Ein Blick ins Hochglanzheft zeigt, die Macher setzen den Fokus nicht nur auf Sport, sondern richteten den Blick auch auf gesellschaftliche Komponenten und wagen sich auch an schwere Themen: Ariella Kaeslin über die schrecklichen Vorfälle im Kunstturnen, eine kritische Analyse zu SCB-Sportchefin Florence Schelling und ihr Debüt oder Fussballerin Lara Dickenmann über ihr Coming-out. Die Artikel, Reportagen und Kolumnen werden von Sportlerinnen oder bekannten Journalistinnen und Journalisten geschrieben. Ginge es nach Fabian Ruch, so würden fast nur Frauen für das Magazin schreiben: «Aber leider gibt es dafür zu wenig Journalistinnen im Metier.»

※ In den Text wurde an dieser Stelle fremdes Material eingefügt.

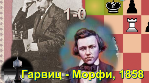 Эпатажный Гарвиц, кое-как выиграв белыми эту первую партию "парижского" матча 1858 года у Пола Морфи, очень загордился и устроил шоу

Nicht zuletzt soll das Magazin laut den Herausgebern eine wichtigen Plattform für den Frauensport werden. Diese sei längst überfällig, sagt Ariella Kaeslin zu 20 Minuten: «Frauensport wurde lange vernachlässigt. Es freut mich enorm, dass die Entwicklung nun in die richtige Richtung geht.» Das Magazin «Sportlerin» sei ein wichtiges Projekt: «Ich hoffe, dass ich in Zukunft noch viele ähnliche Projekte unterstützen darf.» Auch Bundesrätin Viola Amherd hat das Projekt anerkannt und dem Magazin ein umfassendes Interview beigesteuert. Die Sportministerin sieht noch immer viel Arbeit in Sachen Gleichstellung – etwa bei den Führungspositionen der Sportverbände, wo es noch immer zu wenig Frauen gebe. Oder: «Frauenspezifische Themen wie etwa der Menstruationszyklus oder Schwangerschaften werden zu wenig thematisiert und diskutiert.» Dabei sei solches Wissen essenziell, damit die Leistungsfähigkeit von Athletinnen verbessert werden könne.

«Ein Herzensprojekt»

10 Franken kostet die erste Ausgabe – die nächste ist bereits in Planung. Viermal jährlich soll das Magazin erscheinen: «Wir hoffen vor allem, dass wir möglichst viele Jahres-Abonnements à 30 Franken verkaufen», so Mitgründer Leander Strupler. Denn auf diese Weise sei der Fortbestand des Projekts gesichert. «Es ist ein Herzensprojekt, das nicht viel Geld abwerfen muss. Ziel ist, dass wir auf keinen Kosten sitzen bleiben.»